Accordingly, the DIAC Statute seconds the above-mentioned provision in Article 23 dealing with the ‘Appointment in Arbitral Tribunal’, which states the following:
“A member of the [BoT], a member of the Centre’s committees, the Manager or any of the Centre’s staff shall not be the arbitrator who will consider any dispute submitted before the Centre, whether he is an individual arbitrator or a president or a member of the arbitral tribunal.”
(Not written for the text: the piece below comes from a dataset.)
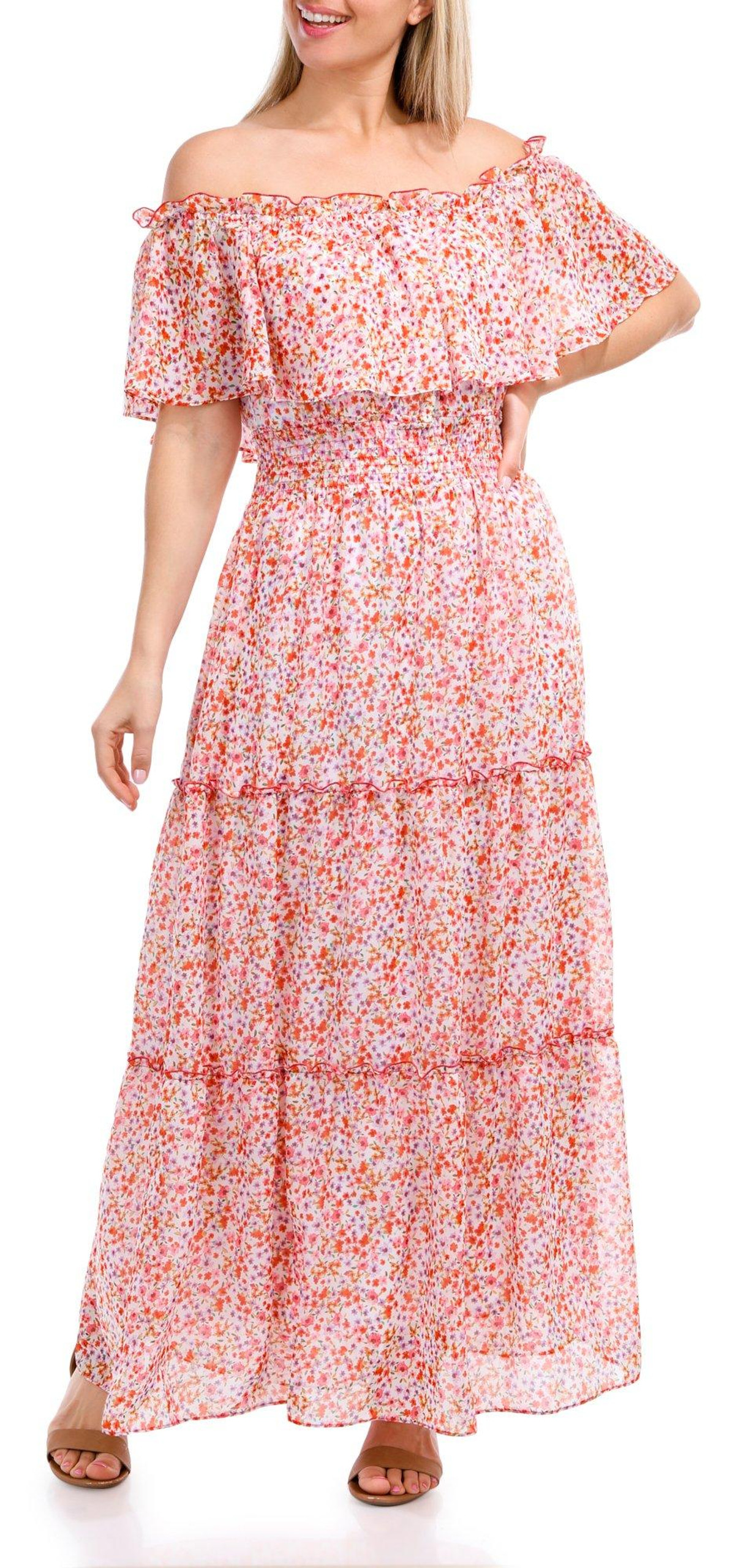 Elevate your style with the Off the Shoulder Floral Maxi Dress. This lined dress features a stunning floral print that exudes charm and sophistication. The off-the-shoulder design adds a touch of romance, perfect for any special occasion. Its flowing maxi length creates a graceful silhouette, while the comfortable lining ensures you feel as good as you look.

Overall, the New DIAC Statute is a more comprehensive document than the previous DIAC statute, which may suggest it is a preparative step to the issuance of the long-awaited new DIAC arbitration rules by Decree of the Ruler. It is difficult to say how important the involvement of the BoD will be on the functioning of DIAC – it may be a tectonic shift in the oversight and control of DIAC in favour of the Chamber; or simply a reflection of the changes at DIAC over the last decade such that no change in DIAC’s functioning will be noticed. In any event, DIAC will need to ensure that it maintains its independence if it is going to keep its position as the most used arbitral institution in the region.